Influence of the Alloying Elements on the Corrosion Behavior of As-Cast Magnesium–Gallium–Zinc Alloys in Simulated Body Fluid

Abstract

The in vitro corrosion rate of as-cast ternary Mg-Ga-Zn alloys in simulated body fluid (SBF) was evaluated. The effects of Ga3+ and Zn2+ on the formation, growth and stability of Ca, P-rich compounds on the surface of the ternary alloys, and the effect of these compounds on corrosion rate, were studied. Ternary Mg-Ga-Zn alloys (Ga from 0.375 to 1.5 wt% and Zn from 1.5 to 6 wt%) were obtained and then immersed in SBF to evaluate the corrosion rate using the weight loss method. The species formed on the alloys surface were characterized by X-ray diffraction (XRD), scanning electron microscopy (SEM) and Fourier-transform infrared spectroscopy (FT-IR).

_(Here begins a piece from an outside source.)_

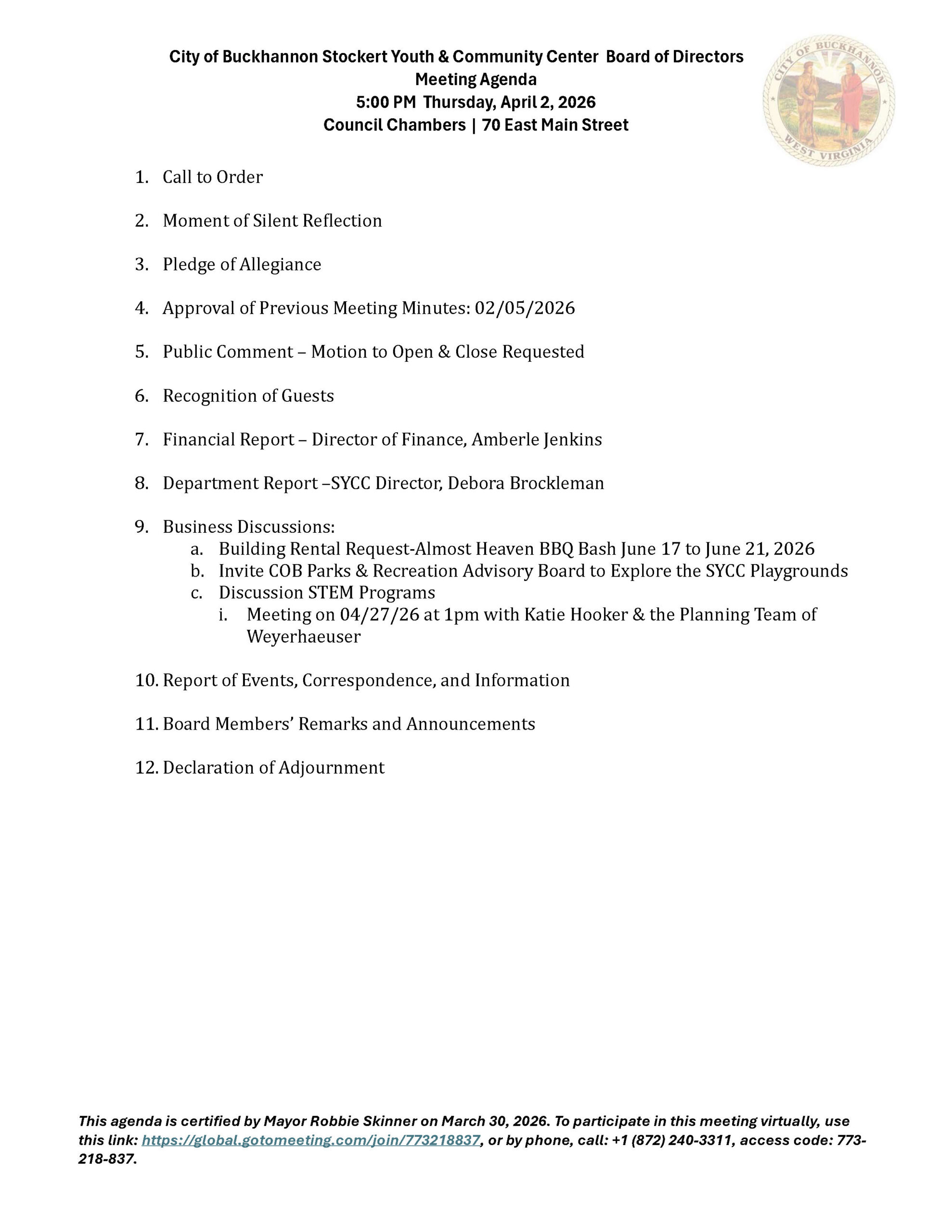 Here is the agenda for the City of Buckhannon Stockert Youth and Community Center Board meeting scheduled for April 2, 2026.
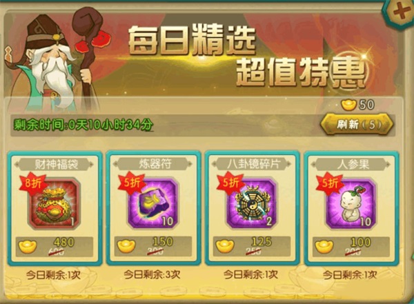 兑换完毕后,可以继续花费元宝来刷新商品,第一次10元宝,以后每次递增1元宝,刷新后可以继续兑换一次。

The formation of amorphous Ca, P-rich compounds on the alloys was observed. The species formed are related to the corrosion rate and the ions released into the SBF. The Mg, Ga and Zn ions released into the SBF during the corrosion process of the studied alloys play an important role in the growth of the Posner’s clusters, propitiating the reduction in size of the Ca, P-rich agglomerates. The corrosion rate of these as-cast ternary alloys increased as the intermetallics formed increased. The amount and size of the intermetallics formed depend on the Ga and Zn concentration in the alloys.